Что касается институтов социализации на трудовой стадии, то важнейшим из них является трудовой коллектив. В социальной психологии огромное большинство исследований выполнено именно на материале трудовых коллективов, хотя надо признать, что выявление их роли именно как институтов социализации еще недостаточно. Конечно, можно интерпретировать любое исследование трудового коллектива в этом плане: в определенном смысле, действительно, всякий анализ, например стиля лидерства или группового принятия решений, характеризует какие-то стороны трудового коллектива как института социализации.
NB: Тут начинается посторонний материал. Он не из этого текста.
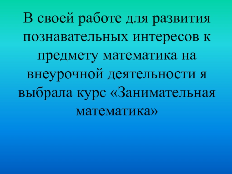Слайд 12В своей работе для развития познавательных интересов к предмету математика на
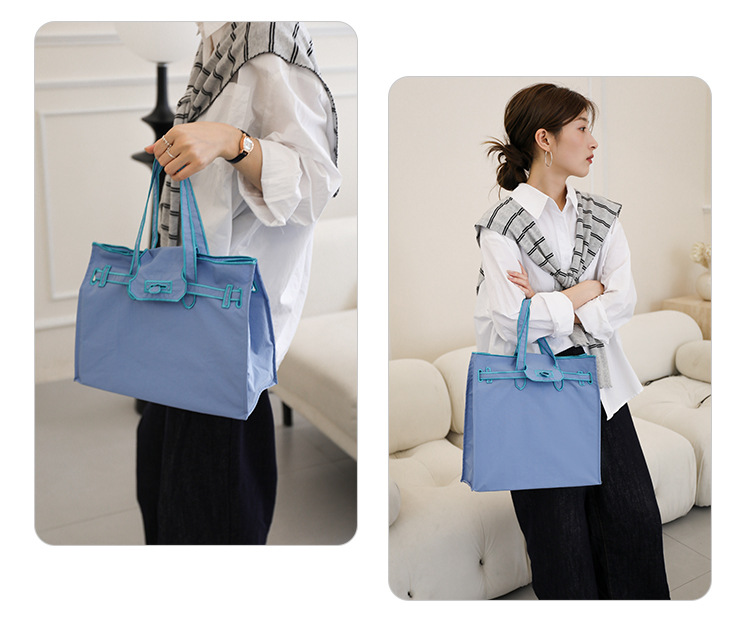 • 라이트 블루 실크 스카프 매듭 토트 백
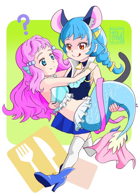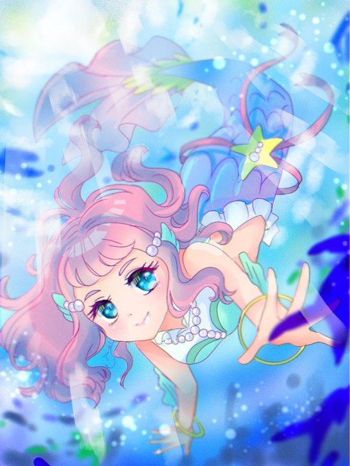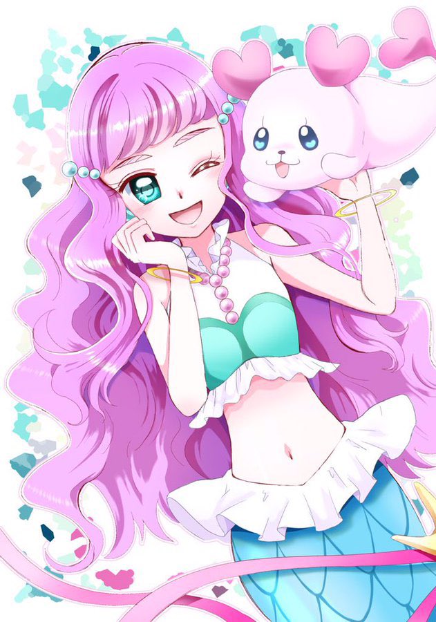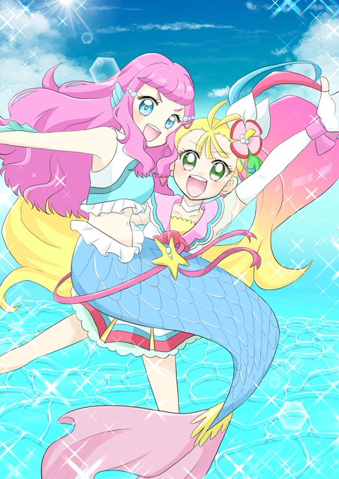 #人魚を見るとストレスが減るらしい お便乗~|・x・)ノシ トロプリ前に描いた物なんですけども フォロワーさんの中に人魚好きな方がいらしてですね… 色々なキャラで描かせていただきました☺️ (続く↓) #precure
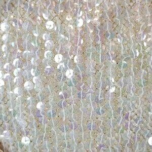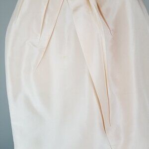Iridescent sequins set on gold metallic mesh net which overlays the silk bodice. Fitted peach champagne silk skirt which gathers to the right hip and is finished with a matching silk bow.
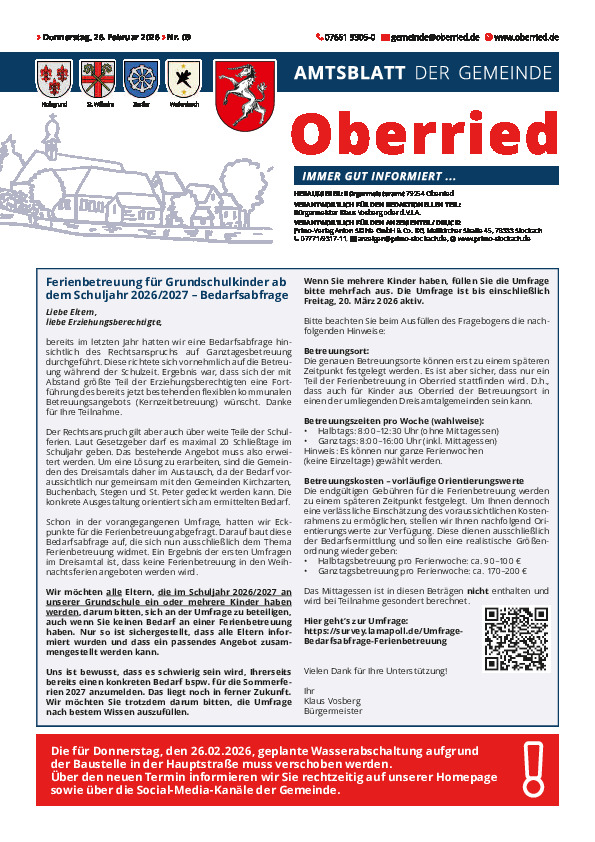 Wichtiges Update: Die für Donnerstag, den 26.02.2026, geplante Wasserabschaltung aufgrund der Baustelle in der Hauptstraße muss verschoben werden. Voraussichtlich neuer Termin ist der Donnerstag, 05.03.2026. Über Änderungen informieren wir Sie rechtzeitig hier auf unserer Homepage sowie über die Social-Media-Kanäle der Gemeinde. Betroffen sind die Bereiche Obertalstraße, Schmiedegasse und Hauptstraße (von Bauhof bis Dorfschänke).

Однако не все аспекты проблемы при этом освещаются: можно сказать, к примеру, о таком повороте этой проблемы, как причины отрыва личности от трудового коллектива, уход ее в группы антисоциального характера, когда на смену институту социализации приходит своеобразный институт «десоциализации» в виде преступной группы, группы пьяниц и т.д. Идея референтной группы наполняется новым содержанием, если ее рассмотреть в контексте институтов социализации, их силы и слабости, их возможности выполнить роль передачи социально-позитивного опыта.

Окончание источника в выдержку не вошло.